### [ACTIVITY]
Word for word, output every line of the material below, minus pictures.

[SUPPLIED DATA — start]

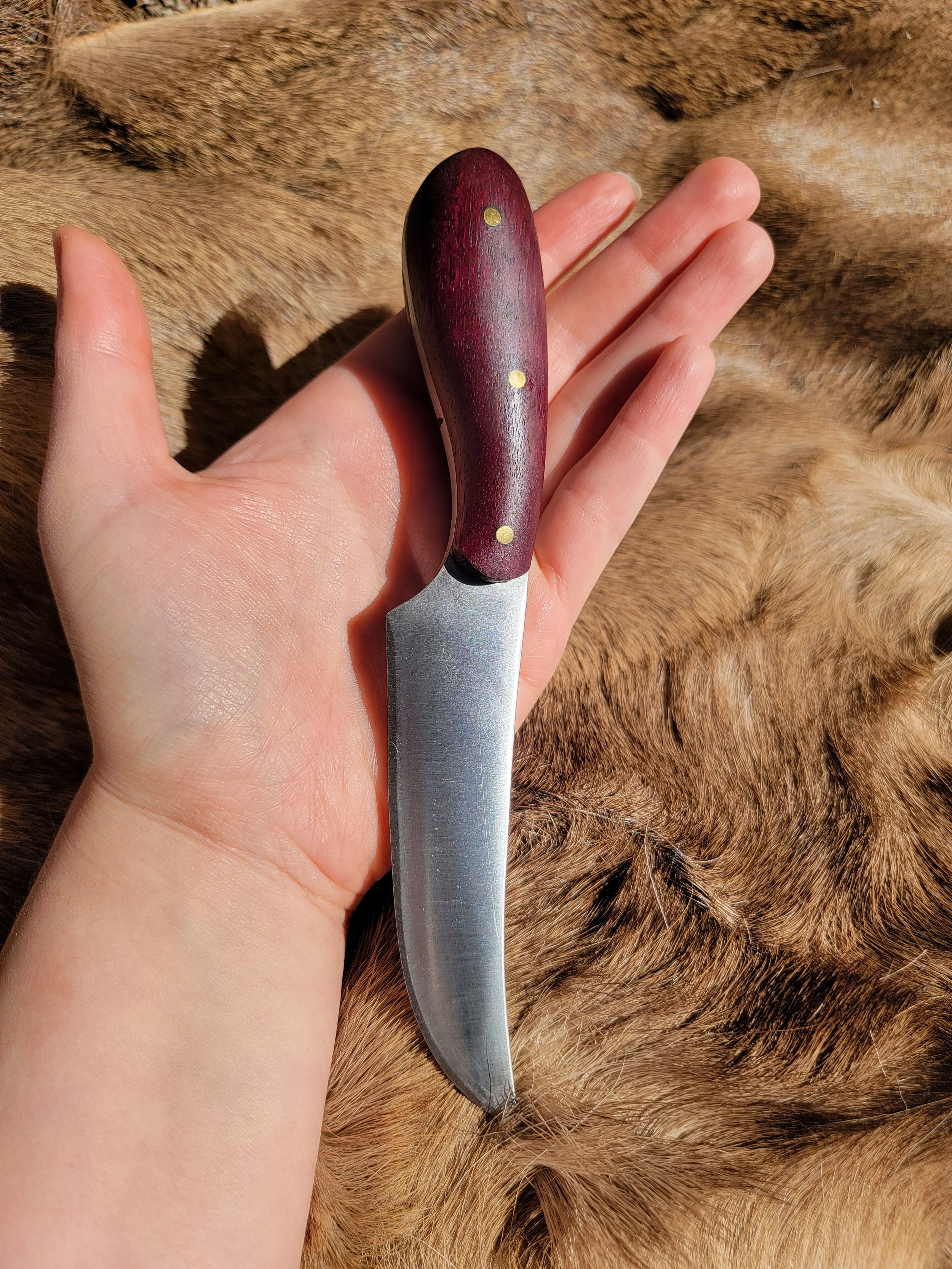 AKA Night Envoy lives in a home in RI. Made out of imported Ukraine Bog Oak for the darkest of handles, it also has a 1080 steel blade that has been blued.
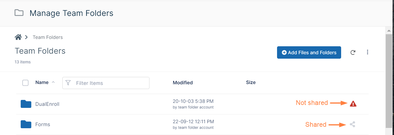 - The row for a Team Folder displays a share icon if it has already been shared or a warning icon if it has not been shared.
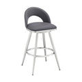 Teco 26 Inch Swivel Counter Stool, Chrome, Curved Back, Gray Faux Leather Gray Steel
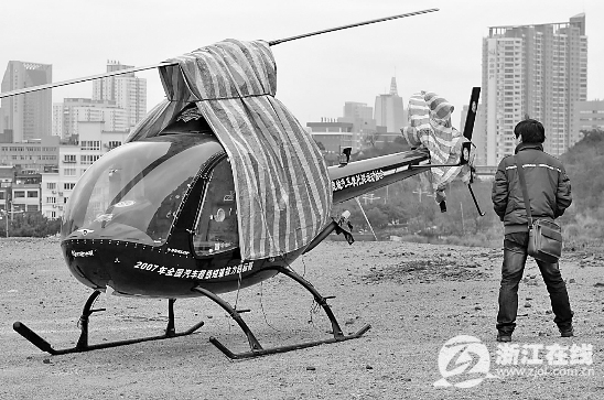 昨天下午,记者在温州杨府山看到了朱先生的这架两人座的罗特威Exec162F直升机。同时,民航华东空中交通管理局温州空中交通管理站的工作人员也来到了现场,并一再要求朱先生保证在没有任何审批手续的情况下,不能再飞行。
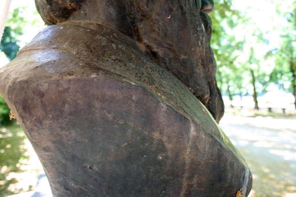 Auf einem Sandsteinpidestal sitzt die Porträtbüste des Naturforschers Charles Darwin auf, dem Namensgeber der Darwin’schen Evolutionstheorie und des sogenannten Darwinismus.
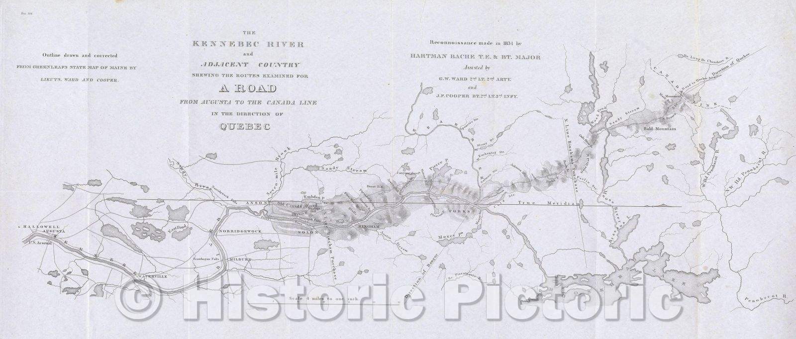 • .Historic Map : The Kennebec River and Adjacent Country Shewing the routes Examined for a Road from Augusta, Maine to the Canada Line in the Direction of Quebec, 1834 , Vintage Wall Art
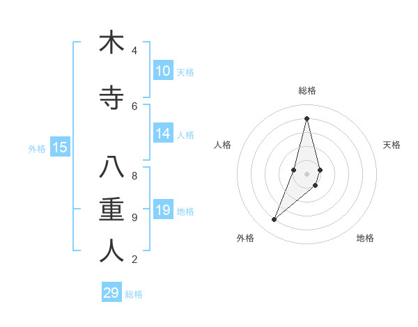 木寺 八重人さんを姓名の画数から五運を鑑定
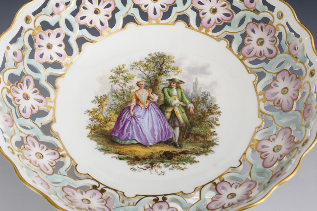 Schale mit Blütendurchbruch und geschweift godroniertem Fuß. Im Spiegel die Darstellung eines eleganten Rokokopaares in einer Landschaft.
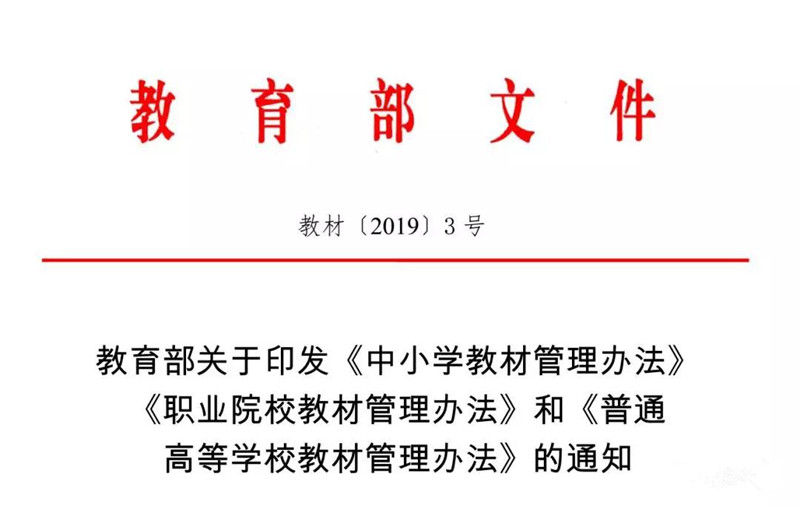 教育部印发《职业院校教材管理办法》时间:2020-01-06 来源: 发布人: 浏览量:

[SUPPLIED DATA — finish]

### [ANSWER SECTION]
 AKA Night Envoy lives in a home in RI. Made out of imported Ukraine Bog Oak for the darkest of handles, it also has a 1080 steel blade that has been blued.
 - The row for a Team Folder displays a share icon if it has already been shared or a warning icon if it has not been shared.
 Teco 26 Inch Swivel Counter Stool, Chrome, Curved Back, Gray Faux Leather Gray Steel
 昨天下午,记者在温州杨府山看到了朱先生的这架两人座的罗特威Exec162F直升机。同时,民航华东空中交通管理局温州空中交通管理站的工作人员也来到了现场,并一再要求朱先生保证在没有任何审批手续的情况下,不能再飞行。
 Auf einem Sandsteinpidestal sitzt die Porträtbüste des Naturforschers Charles Darwin auf, dem Namensgeber der Darwin’schen Evolutionstheorie und des sogenannten Darwinismus.
 • .Historic Map : The Kennebec River and Adjacent Country Shewing the routes Examined for a Road from Augusta, Maine to the Canada Line in the Direction of Quebec, 1834 , Vintage Wall Art
 木寺 八重人さんを姓名の画数から五運を鑑定
 Schale mit Blütendurchbruch und geschweift godroniertem Fuß. Im Spiegel die Darstellung eines eleganten Rokokopaares in einer Landschaft.
 教育部印发《职业院校教材管理办法》时间:2020-01-06 来源: 发布人: 浏览量:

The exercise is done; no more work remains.